What is an instance of quicksort ? [cc @randomA ] –  babou Aug 21 at 9:53
    
Being word by word correct, from your last point, worst case running time for bubble sort is $\Theta(n^2)$ would be a correct statement. Correct? –  randomA Aug 21 at 9:54
    
@babou I would implicitly understand it as an input instance for quicksort –  randomA Aug 21 at 9:54
    
@randomA An input instance of what size ? :) –  babou Aug 21 at 9:56

Use the notation that expresses the strongest property you know to be true.

Suppose you have an algorithm.

  • If you have a class of inputs on which the algorithm runs in time $O(f(n))$, this actually tells you nothing about the worst-case running time: the worst case is worse than something that's better than $f(n)$, which could be literally anything.

  • If you have a class of inputs on which the algorithm runs in time $\Omega(f(n))$ or $\Theta(f(n))$, then you know that the worst case running time is at least as bad as this class, so the worst case is $\Omega(f(n))$.
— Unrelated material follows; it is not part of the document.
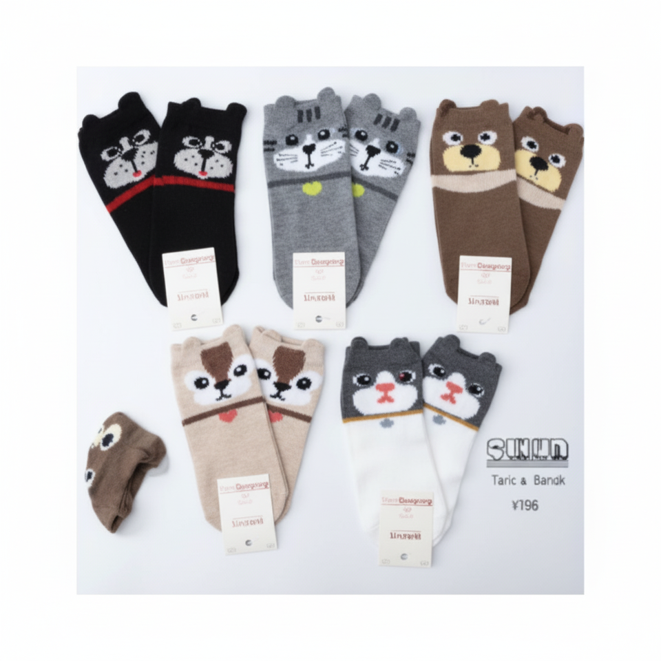 Cartoon Women's Boat Socks 10 Styles in a Box Embroidered Animal Print Lightweight Breathable Ankle Length Custom Logo Design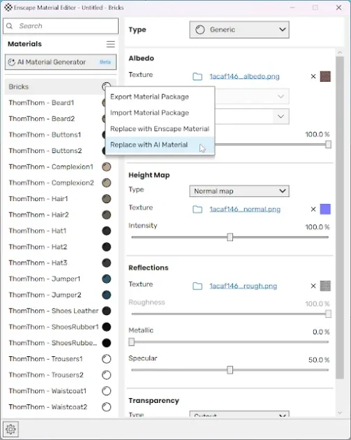 Enscapeマテリアルエディタ内で、画像から直接マテリアルを生成できるようになりました。「マテリアルを生成」をクリックすると、シンプルなCosmosウィンドウで写真やテクスチャをアップロードでき、Enscapeはすべてのマップが適用された完全なマテリアルを返します。新しいマテリアルはエディタに自動的に表示されるため、作業を中断することなく作業を続けることができます。この初期ベータ版はスピードと利便性に重点を置いており、今後のリリースでさらに多くの機能を追加する予定です。

  • If you have a class of inputs which you know to be the worst case, and the algorithm runs in time $O(f(n))$, $\Omega(f(n))$ or $\Theta(f(n))$, they you know that the worst-case running time is $O(f(n))$, $\Omega(f(n))$ or $\Theta(f(n))$, respectively.

In the merge sort example, one cannot construct an input example so that merge sort would take $n^2$ comparisons, but one can construct an example that requires the number of comparisons being about $n\log n$.

This falls into the third bullet: you have a class of inputs which you know to be the worst case, and the algorithm takes time $\Theta(n\log n)$ on those inputs. So the worst-case running time is exactly that: $\Theta(n\log n)$.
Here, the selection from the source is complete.